What does it do to your children when you look at your phone?

Recently I went on an outing with a friend and his young daughter. My friend is in his 30’s and I have known him for a long time. I went out of my way to meet him and I’m sure he was pleased that I was there – but I noticed something. Every few minutes as we walked together, he looked at his phone.

Of course this is ubiquitous. It happens all the time. Nothing new here. But at the same time, I noticed something in myself. Each time he did this I felt a little hurt.

Am I the only one?

Or do other people feel slightly insulted when someone looks away and centers their attention on their phone?

And how about children?

Do they feel hurt when they are playing and look up to see if their parent is watching, and they instead see their parent looking down at a phone?

What I am interested in is whether children get used to this when this is done by their parent or whether they feel a little hurt each time this happens – just as I did?

And if they do feel hurt, what does this do to their sense of themselves, to their self confidence and to their feelings about their parent?

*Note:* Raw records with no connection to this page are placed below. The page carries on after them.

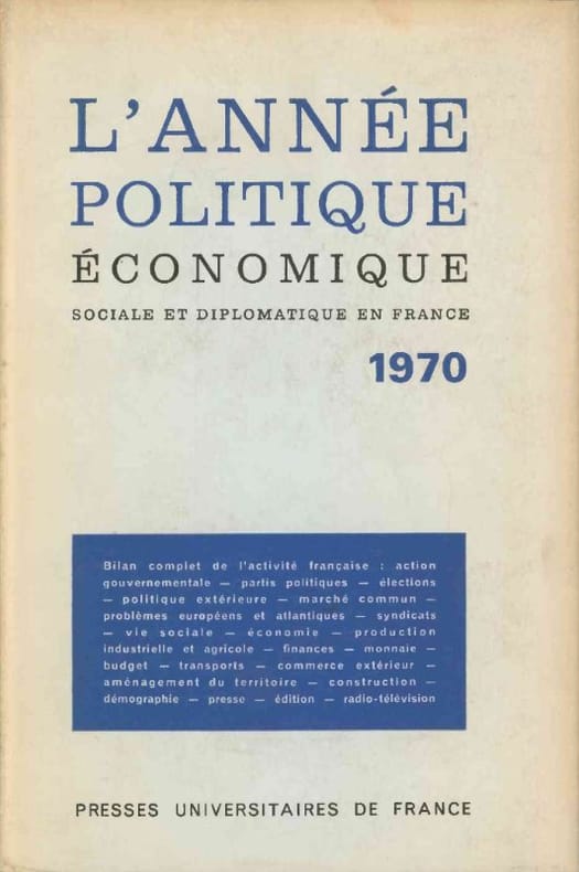 Toute l'histoire de la France en 1970 est retracée dans ce volume de L'Année politique. On y trouvera le récit vivant, objectif, clair et précis de l'évolution politique, économique et sociale et de la politique extérieure pendant l'année écoulée. La partie documentaire, très développée, permet de faire rapidement le point dans tous les secteurs de l'activité nationale : production industrielle et agricole, échanges, prix, monnaie, budget, transports, construction et urbanisme, aménagement du territoire, santé publique, population, enseignement, presse, édition, radio-télévision. On dispose ainsi en un seul volume d'une masse d'informations qu’il fallait auparavant rechercher dans de nombreuses publications dispersées. Les textes les plus importants sont reproduits en annexe : conférences de presse, déclarations politiques, documents diplomatiques. L'Année politique 1970 constitue ainsi un instrument d'information, de documentation et de référence indispensable.
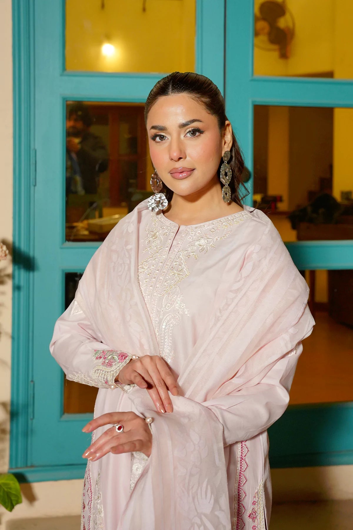 Delicate pearl detailing along the sleeves and borders adds a luxurious finishing touch while maintaining a soft, elegant look.
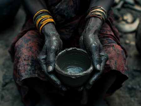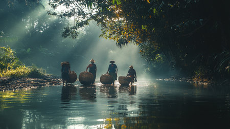 People gather in a serene rural setting, exchanging clay pots filled with water. Vibrant clothing reflects cultural heritage as they engage joyfully in a time-honored festival.

Even at my advanced age, I remember what it felt like when my father or my teacher focused on me. It was important to me. I wanted their attention and, even more, I wanted their approval. I wanted them to think I was special in some way or another. I wanted them to notice me.

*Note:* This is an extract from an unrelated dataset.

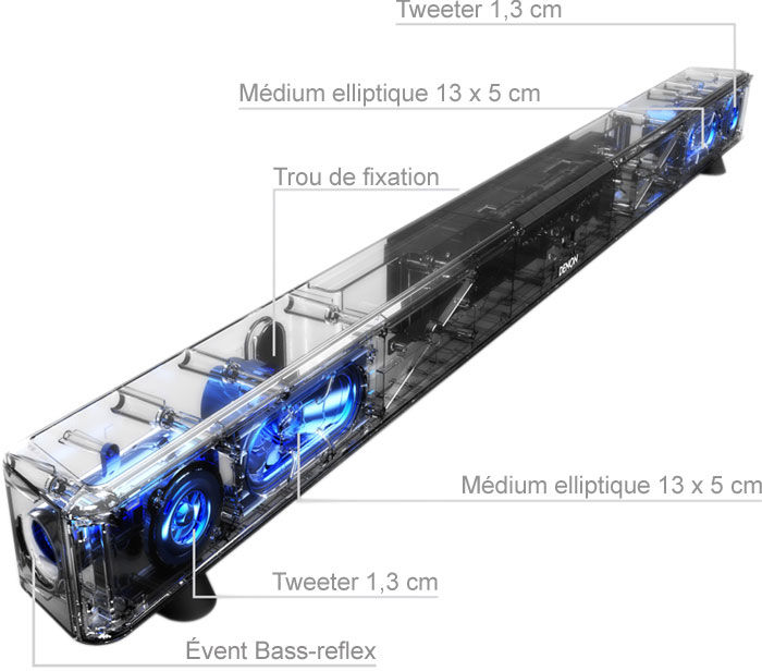 La barre de son Denon DHT-S514 est idéale pour doper le son d'un téléviseur LED, OLED ou plasma à partir de 42" (107 cm) de diagonale et se voit accompagnée d'un caisson de basses sans fil efficace et discret. L'image des téléviseurs est en effet de plus en plus belle, leur design de plus en plus plat, mais leur section audio demeure toujours aussi chétive, ce qui explique le succès grandissant des barres de son. Le modèle DHT-S514 proposé par Denon est particulièrement séduisant par ses mensurations très raisonnables, sa mise en place simple et rapide et ses prestations sonores convaincantes.

And, I also remember the disappointment I felt when the teacher called on someone other than me or when my parent concentrated on one of my siblings rather than me.

I am sure nothing has changed in terms of children’s feelings about being noticed in the past few decades – I have to think that most children still crave the same sort of attention and recognition that I did.

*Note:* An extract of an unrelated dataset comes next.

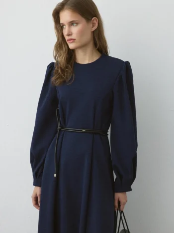 PREMİUM BELDEN OTURMA DETAYLI LACİVERT ELBİSE ÖZELLİKLERİ Bisiklet yakalı, vatkalı, arkadan fermuarlı, omuzdan büzgülü ve kol uçları pili kaşe detaylı,

So what happens when a parent shifts attention away from a child – not to a sibling, or to making dinner – but to the phone? And what happens when this occurs many times a day?

I would like to suggest something that is sure to be unpopular.

I would like to suggest that this sort of shift may be experienced by children as an insult. A small insult. But still an insult – which, when repeated over and over throughout the day, every day, may add up to a larger insult.

And what does the research show?

Let me summarize what I have found:

A large international study done by a technology company had interesting results. Of six thousand eight to thirteen-year-old children, 32% reported feeling “unimportant” when their parents used their cell phones during meals, conversations, or other family times.

This is alarming. If one-third of all children feel unimportant when parents use cell phones during times when they might be having interactions, this is a lot of children feeling unimportant, at least some of the time.

Catherine Steiner Adair wrote a book called The Big Disconnect: Protecting Childhood and Family Relationships in the Digital Age. In researching her topic, Steiner-Adair interviewed one thousand children between the ages of four and eighteen, asking them about their parents’ use of mobile devices. Over and over again children used words such as “sad, mad, angry, and lonely” to describe how they felt when their parents were using their cell phones. One four-year-old called his dad’s smartphone a “stupid phone.” Others recalled throwing their parent’s phone into the toilet, putting it in the oven, or hiding it. And one child said, “I feel like I’m just boring. I’m boring my dad because he will take any text, any call, anytime.”

So, it seems that some children do feel hurt.

Other studies I found looked at slightly different questions:

In regard to the effect of parental cell phone use on children’s behavior, a study done by pediatrician Jenny Radesky is relevant. Radesky became concerned enough about what she was seeing in her practice that she decided to do an observational study of cell phone use among mothers. She chose a popular location to do her research: McDonalds. And, perhaps not surprisingly, when Radesky looked at the patterns in what she and the other researchers observed, she found that children with parents who were most absorbed in their devices were more likely to act out in an effort to get their parents’ attention. She described one group of three boys and their father: The father was on his cellphone, and the boys were singing a song repetitively and acting silly. When the boys got too loud, the father looked up from his phone and shouted at them to stop. But that only made the boys sing louder and act sillier. She noted that not only did children whose parents were on cell phones act up more, but the parents were also more irritated than parents who were not on their cell phones.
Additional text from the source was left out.